如果要考察分部积分法,我们还可以这样出题。
\(\rho(t)\) 为关于 \(t\) 的一次函数,\(\delta(t)\) 为常数函数
我们将 Exercise 2 的题稍做改编,令 \(\rho(t)=t+5\)
Exercise 4
The force of interest at time \(t\), where time is measured in years, is given by: \[ \delta(t)=\left\{\begin{array}{cc}{0.06} & {0 \leq t<4} \\ {0.02+0.01 t} & {4 \leq t}\end{array}\right. \] A continuous payment stream is paid at a rate of \(t+5\) from time$ t = 0$ to time \(t = 4\).

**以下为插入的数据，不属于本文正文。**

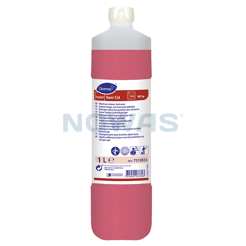 TASKI Sani Cid er et surt sanitetsrengøringsmiddel til daglig rengøring af alle overflader, der tåler syre, f.eks. emalje, porcelæn, keramiske fliser, glas m.m. Velegnet til alle vandhårdheder, inklusive hårdt vand. Den specielle formulering har en god rengøringsevne og forhindrer opbygning af kalk.
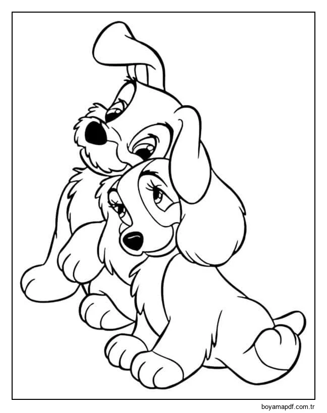 Lady ve The Tramp sarılıyor Boyama Sayfası
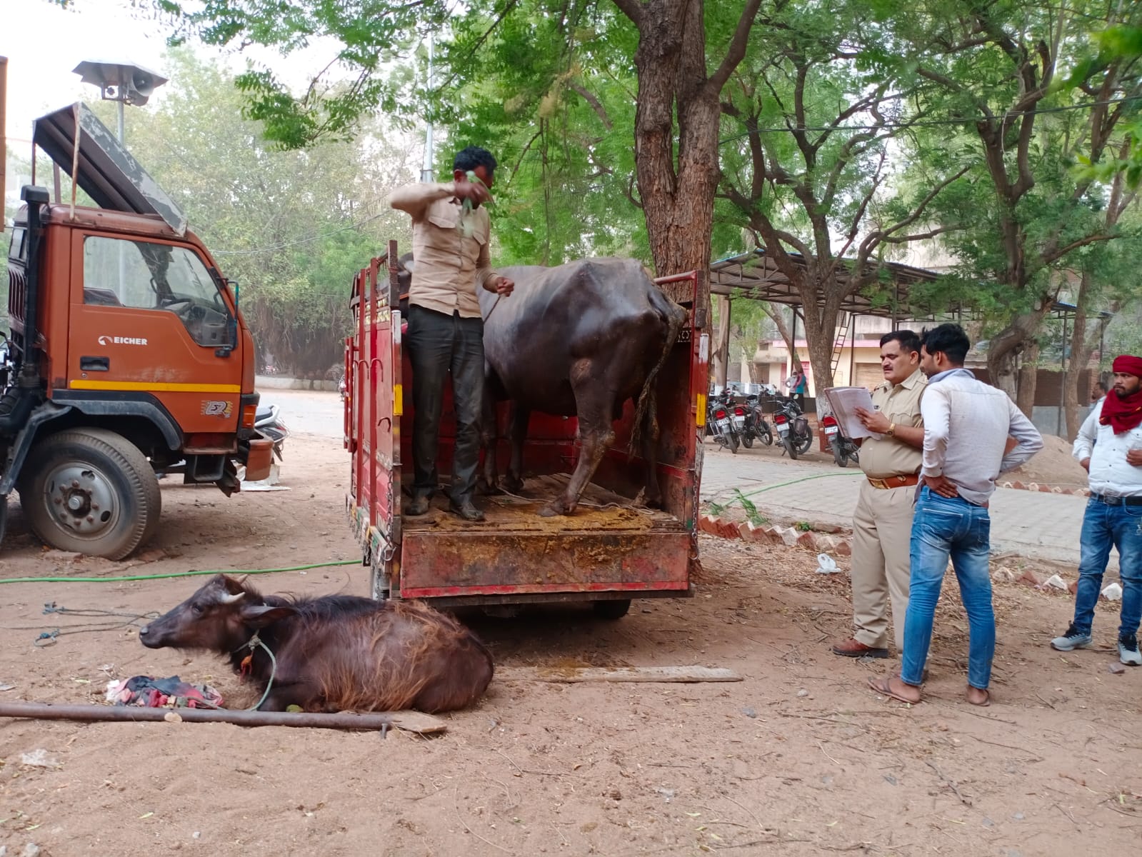 झांसी। पशु क्रूरता के खिलाफ चलाए जा रहे लगातार अभियान के तहत थाना सीपरी बाजार पुलिस ने एक भैंस ओर छह पड़े जिंदा बरामद करते हुए दो लोगों को हिरासत में ले लिया है।जानकारी के मुताबिक गौ रक्षा दल के कार्यकर्ता प्रशांत गुप्ता ने सोमवार की सुबह सीपरी बाजार पुलिस को सूचना देते हुए बताया की दो व्यक्ति लोडिंग गाड़ी संख्या यूपी 93 सीटी 3327 से कुरूरता पूर्वक जानवरों को भरकर उनके वध करने के लिए ले जा रहे है। इस सूचना पर चमन गंज चौकी प्रभारी पुलिस बल के साथ सिपरी बाजार के ओवर ब्रिज पर पहुंच कर घेराबंदी कर गाड़ी को रोक लिया। गाड़ी की तलाशी लेने पर उसके अंदर कुरुरता पूर्वक एक के ऊपर एक बैठाई गई छह पड़े और एक भैंस को जिंदा बरामद कर लिया। पकड़े गए दोनो युवकों ने अपने नाम विशाल यादव निवासी दिनारा तथा दूसरे ने अपना नाम सिकंदरा निवासी रोशन बताया। पकड़ा गया गाड़ी चालक विशाल यादव का मध्य प्रदेश पुलिस में सिलेक्शन हो गया है, उसका केवल मेडिकल परीक्षण होना था। घर की आर्थिक और नोकरी के लिए गए कर्ज को चुकाने के लिए वह जानवरों को लाने ले जाने का काम करता था।
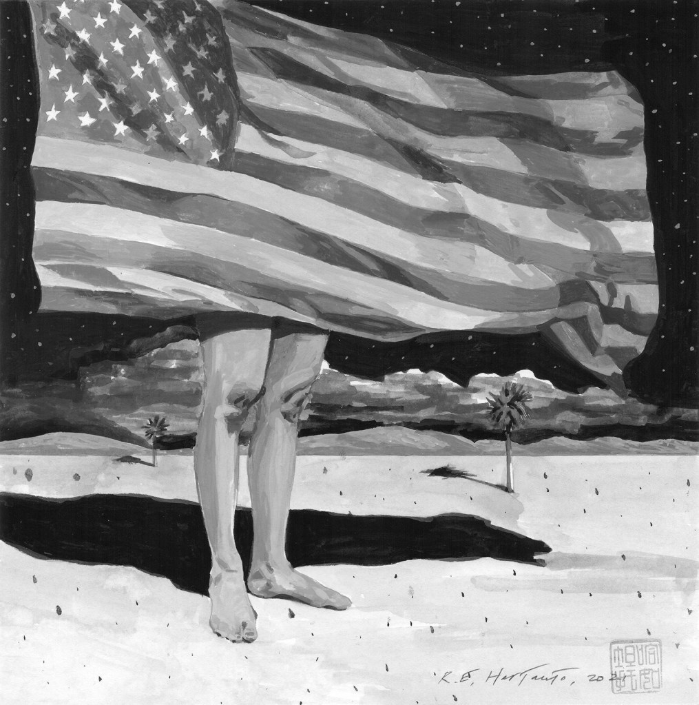 “Star Spangled Banner”, watercolor & gouache, 2021. “Star Spangled Banner”, 19×19 cm, watercolor & gouache. 2021. Illustration for short story “Pataka Bertabur Bintang” by Sori Siregar, Kompas Minggu, May 30, 2021. Related
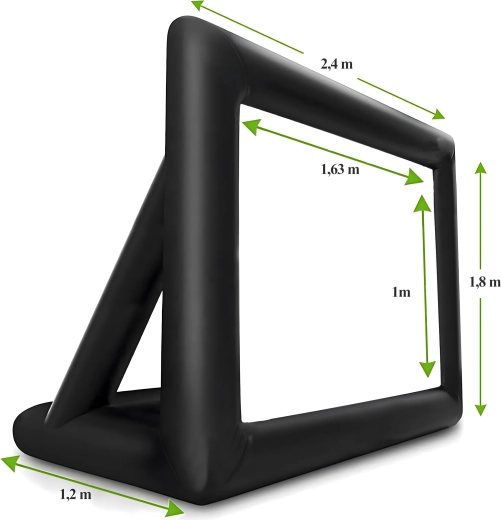 Fedezze fel a vetítés szabadságát bárhol – a kertben, a teraszon vagy a parkban. A mellékelt ventilátorral ellátott felfújható vetítővászon könnyen felállítható, stabilan áll, és nagy vetítési felületet biztosít filmekhez, sportközvetítésekhez vagy céges prezentációkhoz. Az elülső és hátsó vetítés lehetőségének köszönhetően rugalmasan helyezheti el a projektort.
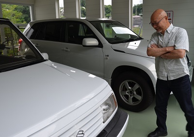 そんな霊的な話はけたぐりをかまして、尾上邸におじゃましたらご夫妻ともジムニー歴史館に出ており、電話をかけたら「すぐそっちに行くよ」

Calculate, showing all workings, the present value of this payment stream at time \(t = 0\).
思路(也是详细答案)
同样地,代入公式得: \[ \begin{aligned} PV&=\int_{a}^{b}\rho(t)v(t)dt\\ &=\int_{0}^{4}(t+5)e^{-\int_{0}^{t}0.06ds}dt\\ &=\int_{0}^{4}(t+5)e^{-0.06t}dt\\ &=e^{0.3}\int_{0}^{4}(t+5)e^{-0.06(t+5)}dt \end{aligned} \] 换元,令\(y=t+5\),则: \[ PV=e^{0.3}\int_{5}^{9}ye^{-0.06y}dy \] 再用分部积分法即可求出答案。
这样我们就考察了了学生分部积分法的运算能力。
拓展
个人认为CM1的考题出到这个程度已经够了,出得再难意义不大。不过结合我们学过的高数知识,我们可以进一步思考,题目还能怎么出?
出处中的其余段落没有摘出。